• _TO DO_
Using the data that follows, output only the lines from the line with "九游会j9官网真人游戏第一品" up to and including the line with "Raf Simons從不掩飾", exactly, leaving pictures aside.

• _SUPPLIED ENTRIES_
☆ ☆ ☆ ☆ ☆
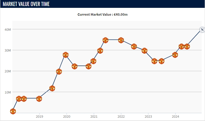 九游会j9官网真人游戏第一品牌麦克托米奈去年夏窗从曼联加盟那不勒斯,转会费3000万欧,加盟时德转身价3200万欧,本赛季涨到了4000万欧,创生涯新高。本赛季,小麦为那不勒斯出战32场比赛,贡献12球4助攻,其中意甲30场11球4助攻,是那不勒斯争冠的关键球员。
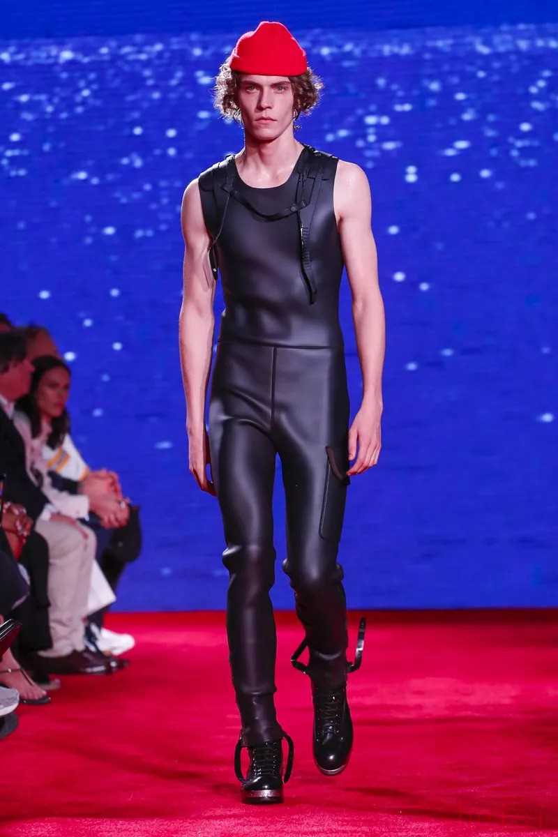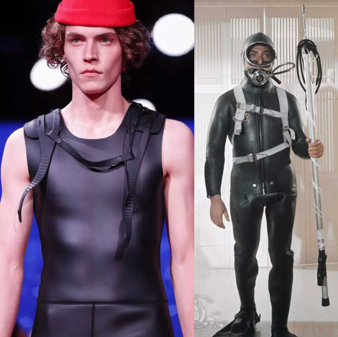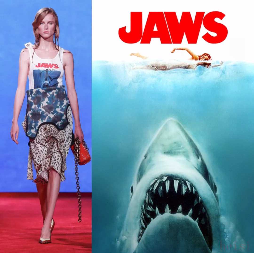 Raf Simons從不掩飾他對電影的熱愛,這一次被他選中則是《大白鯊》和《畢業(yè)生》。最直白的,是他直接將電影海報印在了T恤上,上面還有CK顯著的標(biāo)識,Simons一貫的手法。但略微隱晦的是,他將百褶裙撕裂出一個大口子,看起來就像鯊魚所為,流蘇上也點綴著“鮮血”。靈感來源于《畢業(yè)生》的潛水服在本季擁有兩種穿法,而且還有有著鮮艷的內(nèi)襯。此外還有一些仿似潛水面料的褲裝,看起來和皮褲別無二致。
☆ ☆ ☆ ☆ ☆
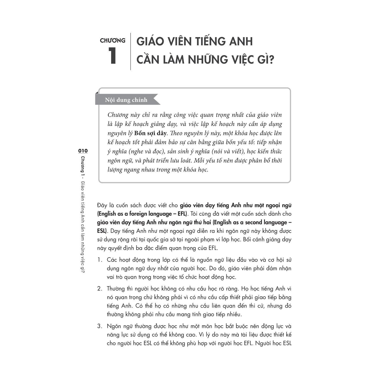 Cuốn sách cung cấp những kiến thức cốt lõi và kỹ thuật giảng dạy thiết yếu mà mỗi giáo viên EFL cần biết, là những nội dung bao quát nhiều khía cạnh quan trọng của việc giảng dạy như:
☆ ☆ ☆ ☆ ☆
• _PROBLEM SOLUTION_
 九游会j9官网真人游戏第一品牌麦克托米奈去年夏窗从曼联加盟那不勒斯,转会费3000万欧,加盟时德转身价3200万欧,本赛季涨到了4000万欧,创生涯新高。本赛季,小麦为那不勒斯出战32场比赛,贡献12球4助攻,其中意甲30场11球4助攻,是那不勒斯争冠的关键球员。
 Raf Simons從不掩飾他對電影的熱愛,這一次被他選中則是《大白鯊》和《畢業(yè)生》。最直白的,是他直接將電影海報印在了T恤上,上面還有CK顯著的標(biāo)識,Simons一貫的手法。但略微隱晦的是,他將百褶裙撕裂出一個大口子,看起來就像鯊魚所為,流蘇上也點綴著“鮮血”。靈感來源于《畢業(yè)生》的潛水服在本季擁有兩種穿法,而且還有有著鮮艷的內(nèi)襯。此外還有一些仿似潛水面料的褲裝,看起來和皮褲別無二致。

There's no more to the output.